Malarstwo Ryszarda Kowalewskiego jest swego rodzaju zapisem wrażeń wyniesionych z wypraw w najwyższe rejony gór.

 

(…) Moim zdaniem obrazy Ryszarda Kowalewskiego mają coś z malarskiego spojrzenia Józefa Chełmońskiego. Oczywiście różnią się tematyką – Chełmoński zafascynowany był życiem na wsi i naturą, pejzażem Kresów, zaś Ryszard Kowalewski zapatrzony jest w góry – ale u obu malarzy dostrzegamy tę samą przemożną chęć jak najdokładniejszego, malarskiego opisania „utraconego” świata. Dla Józefa Chełmońskiego były nim bezkresy Ukrainy, dla Ryszarda Kowalewskiego są to pejzaże zapamiętane z wysokogórskich wspinaczek. Nic w tym dziwnego, jeśli weźmie się pod uwagę fakt, że gdański artysta zaliczany jest do grona najwybitniejszych polskich alpinistów. Co prawda czas wielkich wypraw ma już za sobą, ale miłość do gór ciągle pozostaje w nim niezmienna. Dziś, pozbawiony bezpośredniego kontaktu ze swoimi ukochanymi górami wspomaga pamięć fotografiami, szkicami, notatkami sprzed lat. (…) – Roman Nieczyporowski, „Widok na Wielką Górę. Rzecz o malarstwie Ryszarda Kowalewskiego”, (fragment recenzji).

 

(…) Nastrój tych pejzaży waha się między harmonijnym spokojem a dramatycznym napięciem. Kowalewski osiąga te efekty przede wszystkim nasyceniem barwnych plam, syntezą kształtów i światłem.

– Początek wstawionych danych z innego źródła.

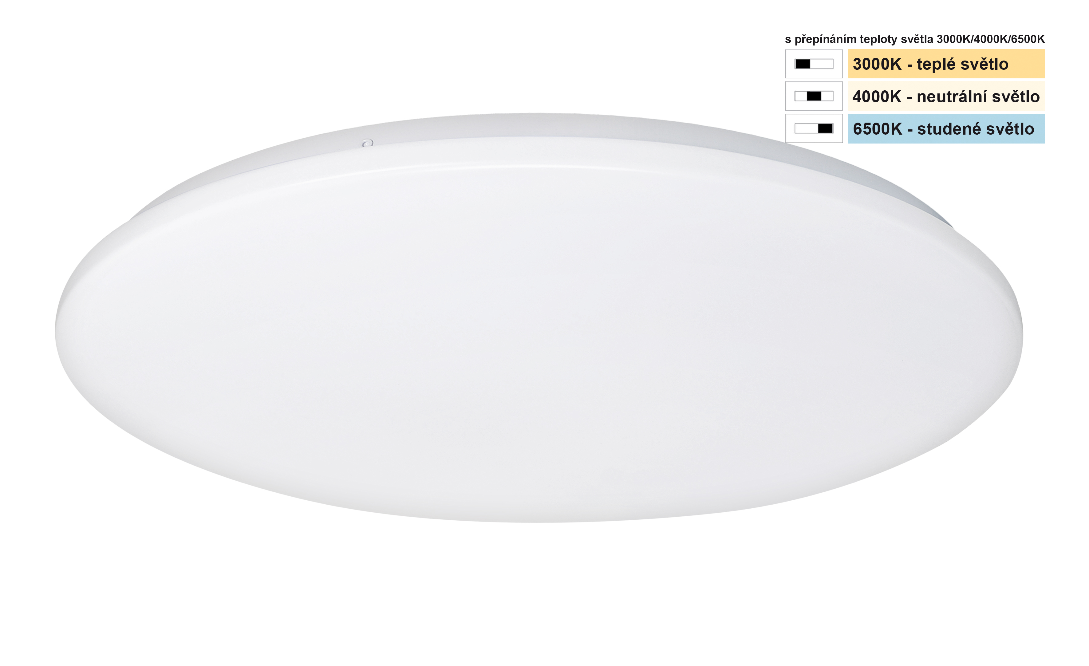 Okrúhle stropné svietidlo Dunaj CCT je vyrobené z kovu a plastu v bielej farbe. Vďaka ochrane IP44 je možné ho umiestniť aj do vlhkých priestorov ako je kúpeľňa, WC alebo balkón a terasa. LED zdroj je zabudovaný a nie je možné ho meniť. Svietidlo má prepínač CCT, je teda možné nastaviť teplotu svietenia na 3000K, 4000K alebo 6500K. Životnosť svietidla je 30000 hodín.

Z granatowych, ciemnych, zimnych barw, z oślepiającej bieli wydobywa potęgę gór i nadaje im dramatyczną, tajemniczą treść i formę. – Zbigniew Ignacy Brzostowski, „Góry były dla mnie łaskawe – półwiecze twórczości Ryszarda Kowalewskiego”, (fragment recenzji).